Causes d’un adénome hypophysaire

Pour la grande majorité des adénomes hypophysaires, la cause reste encore inconnue, bien que des recherches soient en cours dans ce domaine.

Seule une prédisposition génétique est clairement identifiée dans ce que l’on appelle le syndrome de néoplasie endocrinienne multiple de type 1 (MEN-1), lié à une altération du chromosome 11.

Cependant, seuls 3 % des adénomes hypophysaires apparaissent dans le cadre de ces tumeurs endocriniennes multiples.

Comment diagnostique-t-on l’adénome hypophysaire ?

Il est fréquent que les adénomes hypophysaires soient découverts de manière fortuite lors d’une IRM cérébrale effectuée pour une autre raison. L’IRM permet d’évaluer le type, la taille et les rapports de la tumeur avec les structures voisines.

Il est nécessaire de réaliser une analyse sanguine avec dosage hormonal afin de déterminer quelles hormones sont produites en excès.

Le diagnostic est complété par un examen ophtalmologique permettant d’évaluer si l’adénome peut entraîner une compression du chiasma optique.

Traitement de l’adénome hypophysaire

Bien que le traitement de choix soit la chirurgie, il est fréquent d’associer différents types de traitement.

Les options thérapeutiques actuelles comprennent :

  • Traitement pharmacologique et substitutif hormonal
  • Chirurgie (transsphénoïdale microchirurgicale ou endoscopique, et transcrânienne)
  • Radiothérapie / radiochirurgie

Les médicaments qui bloquent la sécrétion hormonale peuvent contrôler les symptômes et parfois réduire la taille de la tumeur, en particulier dans les prolactinomes.

Si l’hypophyse est endommagée pendant la chirurgie, le patient aura ensuite besoin d’un traitement substitutif des hormones déficitaires (cortisol, GH, hormone thyroïdienne, œstrogènes, testostérone, hormone antidiurétique). 

Aujourd’hui, le grand développement de l’endoscopie permet l’ablation de la majorité de ces tumeurs par la cavité nasale, la nécessité d’une craniotomie (ouverture du crâne) étant devenue très exceptionnelle.

De plus, la collaboration entre le neurochirurgien et l’oto-rhino-laryngologiste permet de réaliser des interventions de plus en plus complexes et moins invasives grâce à des systèmes modernes de lentilles, de caméras et de moniteurs haute définition.

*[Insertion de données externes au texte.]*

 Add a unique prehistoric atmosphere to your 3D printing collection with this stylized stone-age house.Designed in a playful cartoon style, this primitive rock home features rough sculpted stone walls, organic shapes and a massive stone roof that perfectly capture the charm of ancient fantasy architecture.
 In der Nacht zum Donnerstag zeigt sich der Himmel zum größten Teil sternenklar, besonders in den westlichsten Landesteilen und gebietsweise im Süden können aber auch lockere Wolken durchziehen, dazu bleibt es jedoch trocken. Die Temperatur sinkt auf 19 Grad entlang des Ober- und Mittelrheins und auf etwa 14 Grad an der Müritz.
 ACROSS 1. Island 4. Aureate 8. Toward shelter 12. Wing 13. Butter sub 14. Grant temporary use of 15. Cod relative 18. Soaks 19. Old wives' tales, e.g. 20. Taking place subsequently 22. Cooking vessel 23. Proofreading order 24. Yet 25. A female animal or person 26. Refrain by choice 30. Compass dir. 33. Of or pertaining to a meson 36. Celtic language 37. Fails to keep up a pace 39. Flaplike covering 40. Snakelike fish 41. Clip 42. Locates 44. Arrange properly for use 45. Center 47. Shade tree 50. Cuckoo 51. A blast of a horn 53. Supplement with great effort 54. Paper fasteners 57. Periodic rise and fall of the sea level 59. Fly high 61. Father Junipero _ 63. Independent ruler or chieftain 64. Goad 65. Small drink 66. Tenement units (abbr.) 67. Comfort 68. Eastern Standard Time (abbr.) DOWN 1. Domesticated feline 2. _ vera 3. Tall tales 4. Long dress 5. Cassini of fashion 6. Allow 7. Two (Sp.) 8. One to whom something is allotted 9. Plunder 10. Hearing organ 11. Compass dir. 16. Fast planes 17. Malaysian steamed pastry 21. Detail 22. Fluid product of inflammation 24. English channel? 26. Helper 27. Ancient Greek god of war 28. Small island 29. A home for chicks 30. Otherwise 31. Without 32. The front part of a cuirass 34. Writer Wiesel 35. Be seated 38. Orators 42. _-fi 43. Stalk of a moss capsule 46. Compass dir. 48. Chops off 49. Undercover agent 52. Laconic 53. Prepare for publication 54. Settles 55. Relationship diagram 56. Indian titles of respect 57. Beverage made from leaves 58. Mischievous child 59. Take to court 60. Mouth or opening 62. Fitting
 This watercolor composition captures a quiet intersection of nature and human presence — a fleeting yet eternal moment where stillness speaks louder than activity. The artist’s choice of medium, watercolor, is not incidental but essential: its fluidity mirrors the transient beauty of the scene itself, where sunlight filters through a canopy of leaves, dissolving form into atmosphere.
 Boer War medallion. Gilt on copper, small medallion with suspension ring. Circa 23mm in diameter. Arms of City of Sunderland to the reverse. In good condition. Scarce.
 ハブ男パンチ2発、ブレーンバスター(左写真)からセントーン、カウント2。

La chirurgie endoscopique nasale consiste à introduire un endoscope par les fosses nasales, qui se glisse entre le cornet moyen et la cloison nasale jusqu’à repérer l’orifice sphénoïdal. Cet orifice est ensuite élargi afin d’obtenir une ouverture suffisante du sinus sphénoïdal, ce qui permet de visualiser le plancher de la selle turcique pour extraire la tumeur.

Contrairement à la technique microscopique conventionnelle, il n’est généralement pas nécessaire de placer un tamponnement nasal.

Après l’intervention, le patient est transféré en unité de soins intensifs, puis le lendemain en service d’hospitalisation, où il est suivi par les équipes de neurochirurgie, d’oto-rhino-laryngologie et d’endocrinologie.

Concernant la durée d’hospitalisation après la chirurgie, dans les cas non compliqués, une période de 3 à 4 jours est généralement suffisante. Cependant, dans certains cas, en raison de la pathologie hypophysaire hormonale elle-même (notamment dans la maladie de Cushing), l’endocrinologue doit effectuer plusieurs examens biologiques et ajuster le traitement, ce qui peut prolonger le séjour de quelques jours supplémentaires.